しかしリルベルはワラレアが退避してくると、妙なことを口走った。
「横領事件のウィットベリー隊長じゃがな。将軍の出張中、いっしょにいた時間が最も長いんじゃ」
ウィンシーは胸のふくらみの途中でシャツを止めていたが、ウェイブライト将軍はその下半分を凝視していた。
「その位置に並んだホクロ……やはり母親はウィットベリーか!? 突然に失踪し……だが私は立場上、追うわけにもいかなかったのだ!」
ワラレアはようやく、リルベルに出された『宿題』の意味、将軍とウィンシーの共通点、帝都無双とされる強さの源流に思い当たる。
「唯一うたがわしい女性関係じゃな」
ワラレアは斧を抜かない将軍を不用心すぎると思ったが、ウィンシーが両腕を広げた全力疾走で頭突きをかます姿を見ると、ささいな疑問に思えてくる。

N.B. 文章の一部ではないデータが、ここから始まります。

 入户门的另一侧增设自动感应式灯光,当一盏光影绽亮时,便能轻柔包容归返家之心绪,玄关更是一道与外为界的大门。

「ぶばぱっ!? ウィットベリーとの約束は果たせなかったが、守りたいと言った気持ちに偽りはなぐぶふぉっ!?」
ウィンシーはどんよりと退屈そうに顔面へ殴りつけていた。
「立場が重すぎて、知実ちゃんが軽くなっただけ?」
ワラレアはウィンシーがあの強さで無名だった理由は、人格的な問題だけだと思っていた。

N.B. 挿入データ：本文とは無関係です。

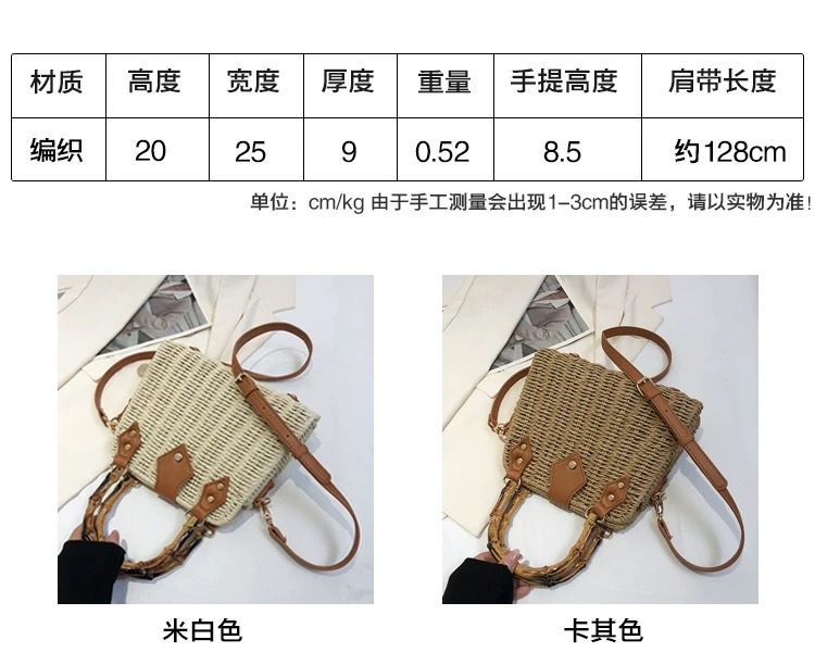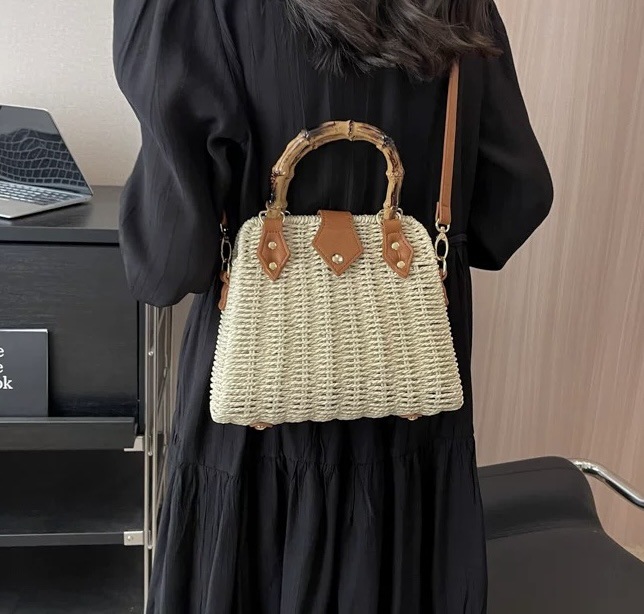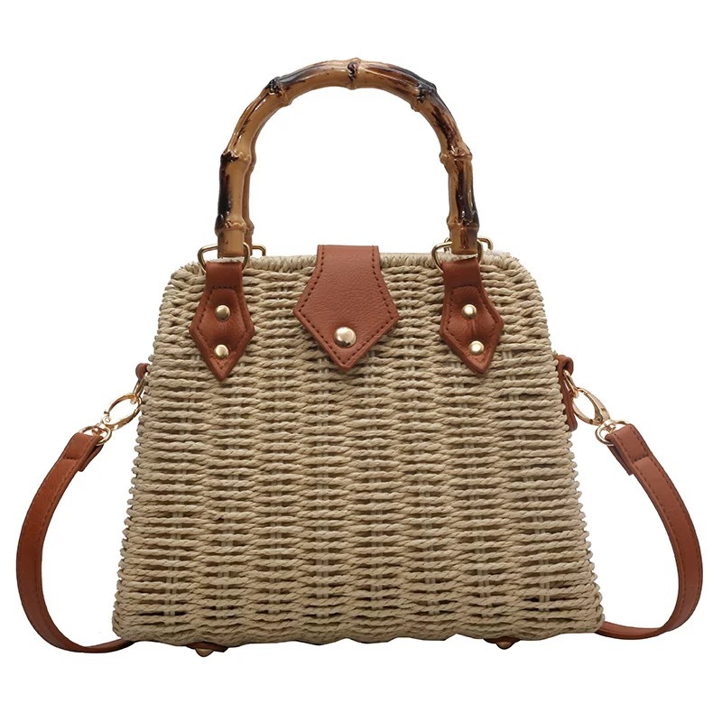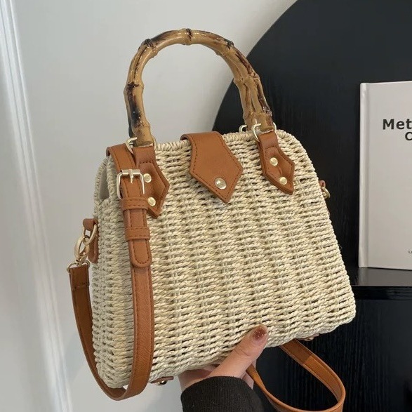 가벼운 럭셔리 레트로 스타일 대나무 휴대용 상자 밀짚 가방 여행 휴가 패션 캐주얼 크로스 바디 가방 모리 스타일 숄더 백

しかし野蛮なようであなどれない鋭さとしたたかさ、二年前までは帝都に近づかなかった理由も含め、出自を明かせない逃亡生活によるものと気がつく。
「せ、責任をとらせてくべぽっ!?」
「んー」
「なんでも、言いたいことがあるならば……ぐべぅ!?」
「うざい」
騎士部隊もウェイブライト将軍が打たれるままになっている理由を理解しはじめる。
しかし『帝都の守護神』がまともな防御すらできなくなってくると、司令官惨殺の阻止に動くしかない。
騎士団長はあざだらけの腕でも、部下たちを制止する。
「いずれこの身は君の好きにさせよう。だが当時も今も、騎士団長という肩書きがある身では、背負うべきものを背負わねば、国の未来まで失いかねんのだ! 今ここは辛抱し、時間をくれぬか……この国のために!」
「国……ってなに? 王様? えらい人たち? 新聞のほめ言葉? そんな国、誰がほしいの?」
ウィンシーは手を止めたが、体にみなぎる魔力の光は衰えない。
「国のために、ここにいるみんなは捨てるの? 国のために、知実ちゃんを捨てたみたいに? それならわたしも、わたしのために、国なんかポイ捨てする」
むしろ『闘術』の輝きはさらに増し続けていた。
「そんな国いらない。わたしの命や家族や友だちをぶんどるような国なら、どれだけごはんをくれたって……ぶっとばす」
鎧の巨体が殴り飛ばされ、トンネルの天井へ激突し、騎馬台車のひとつへ墜落する。
褐色肌の長身少女は独りで四騎の怪物馬へ迫り、騎馬隊の隊長たちは一斉に叫びだす。
「撤退! 撤退!」
台車に横たわるウェイブライト将軍と共に、騎馬隊はトンネルのかなたへ走り去った。
「え……身柄の引渡しは?」
ワラレアは顔をこわばらせ、リルベルは頭を抱える。
「最高司令官との直接交渉を、半殺しではねのけた形になってしまったのう? 私的な『話し合い』はせめて、日どりをあらためてほしかったものじゃが……勝海どのは、そこまで将軍どのを憎んでおったのか?」
「別に」
ワラレアは思わず抗議の鉄球をかまえる。
しかし『人型魔獣』は不機嫌顔でトンネルのかなたをにらんだままだった。
「貴様が殴る理由をまともに説明するのも、殴ると予告してから殴るのも、はじめてのような……」
思わず気がゆるんだ苦笑へ、不意の裏拳が飛び、一年以上も部隊仲間だった勘のおかげでぎりぎりに避けられた。